Once I began to accept that truism, I was able to stop being so hard on myself. I realized that I didn't have to try to be in control of an absolutely uncontrollable situation. My problem was not going to go away easily, if ever. There were no quick fixes, no easy solutions, no short-cuts, no magic spells. I had to just take things one step at a time. As I was able to allow myself this freedom, I found myself in a better place to be able to help the rest of my family as well. I didn't expect my journey to be much easier, but I hoped I was becoming a little more prepared for what lay ahead. There would still be much to learn.

Tuesday, July 28, 2015

07/28/2015

     In my journey through grief, there were several realizations that came to me that helped me to try to put things into perspective in dealing with my grief. These did not usually dawn on me in a single moment of clarity, rather they more often appeared over time as I tried my best to work through what I was facing. In some instances, they were things I had to learn more than one time. Oftentimes I was not at a point in my journey where I was ready to accept a particular concept as being something that was true in my situation. There were many times when I refused to believe or accept what I suddenly perceived to be a truism about dealing with grief. I was fearful that if I believed and accepted this new thought regarding grief I would be led down another difficult path where fresh challenges would await.
I thought it was better to stay on the road that had become most familiar to me, and where I felt most comfortable, even if that meant I was often going in circles. Grief is like that. You can honestly believe that you are doing what is best for you and the people around you and that you are making good progress, when in reality, you are spinning in circles.
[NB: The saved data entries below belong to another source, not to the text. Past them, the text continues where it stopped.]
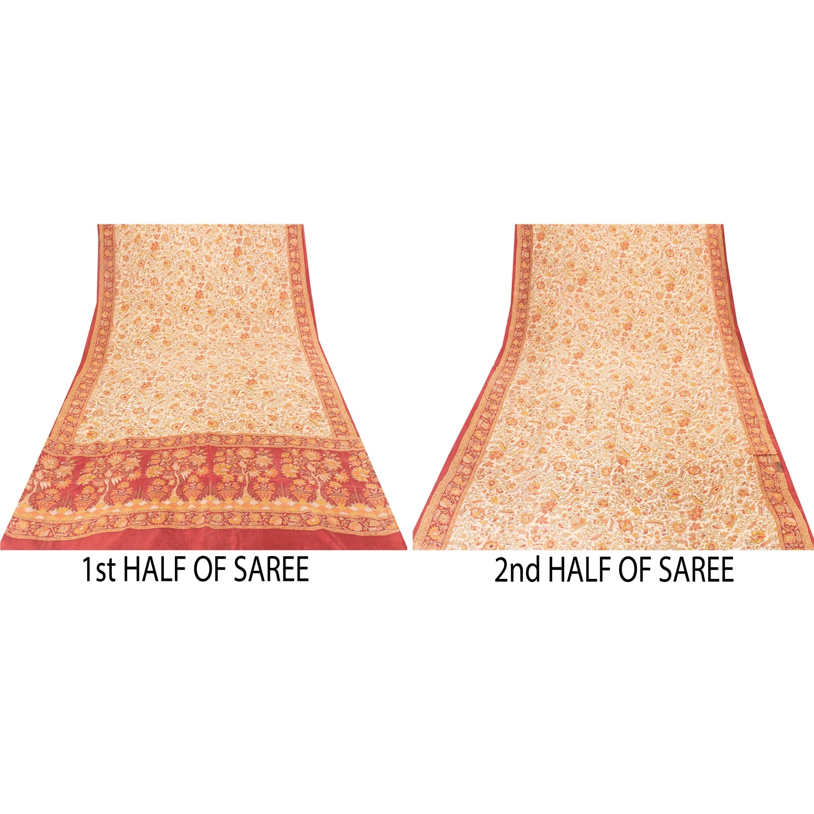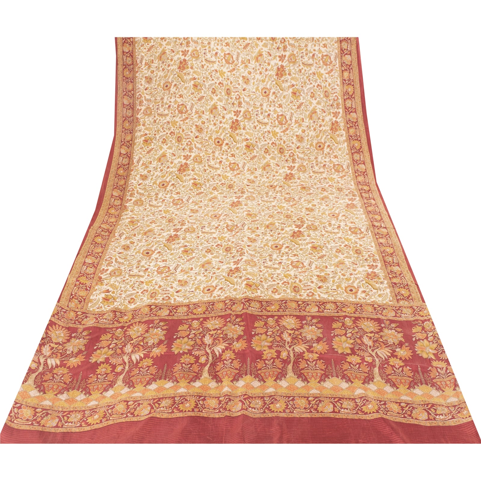 Sanskriti Vintage Sarees Cream Pure Silk Floral Printed Sari 5+yd Craft Fabric
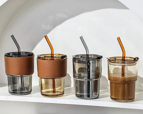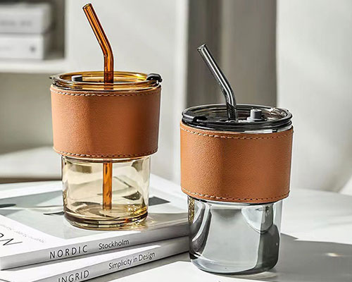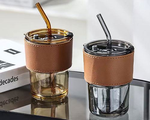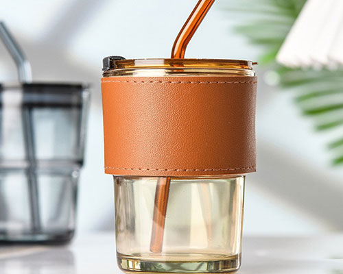We offer this glass water bottles with glass straws in amber and gray color. A protective sleeve is also provided to protect the glass cup.
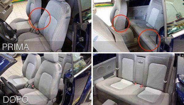 - Smacchiatura di sedili, pannelli, braccioli, ecc.
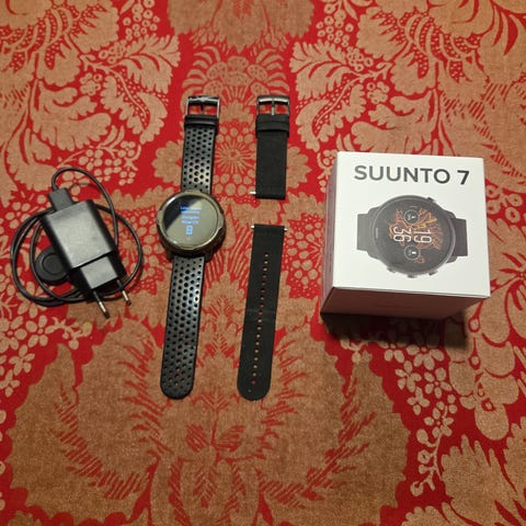 Suunto 7, latauskaapeli, yksi ylimääräinen silikonilenkki rannekkeeseen.

You find yourself passing the same landmarks over and over again, dealing with the same issues over and over again. The question becomes: How do I get off of this not-so-merry-go-round of grief and keep moving forward?

Monday, July 27, 2015

07/27/2015

   How does a man learn to deal with grief? It's been almost a year since I posed that question at the end of my last blog entry. I'm again not sure why I have not been writing for so long, except to say that I was so focused on work and other issues that I just didn't have the energy to write. Oftentimes, my writing about grief takes me back in time to those first horrible days following Curtis's death, dredging up emotions and memories I thought were long gone. I realize at such times that there are still residual issues with which I am not finished dealing or now may need to deal with in a different way. I also understand that it is ultimately to my long-term benefit to face such things as they arise. Even all these years later, there are still ways I can help myself continue to move forward with my life. This situation again points to one of the most difficult aspects of grief-its unpredictability. I think as human beings (especially as men) it's this characteristic of grief that is so maddening-the uncertainty of it all. We may realize intellectually that each person involved in the same situation will grieve in their own way and follow their own timeframe, but emotionally, men find this to be a most frustrating factor of grief. We like to know how long something will last. We like to know how much time and energy we need to invest in this whole process. We don't like to think there may be no end to this entire thing. We don't like to think there may be times when we believe we have reached some kind of ending only to have to deal with the same things over and over again. The thought that we may never feel "normal" again terrifies us. We begin to feel paralyzed and hopeless that we will ever feel anything close to normalcy again. Why can't we fix this? Why can't we just make it all go away? Where is the magic spell or magic fairy dust that could make me feel like myself again? Dealing with grief may be the most emotionally, spiritually, and mentally challenging thing we may ever face in life. It can even leave us physically drained years after the initial event. So, after all these months between posts, the question remains: how does a man learn to deal with grief?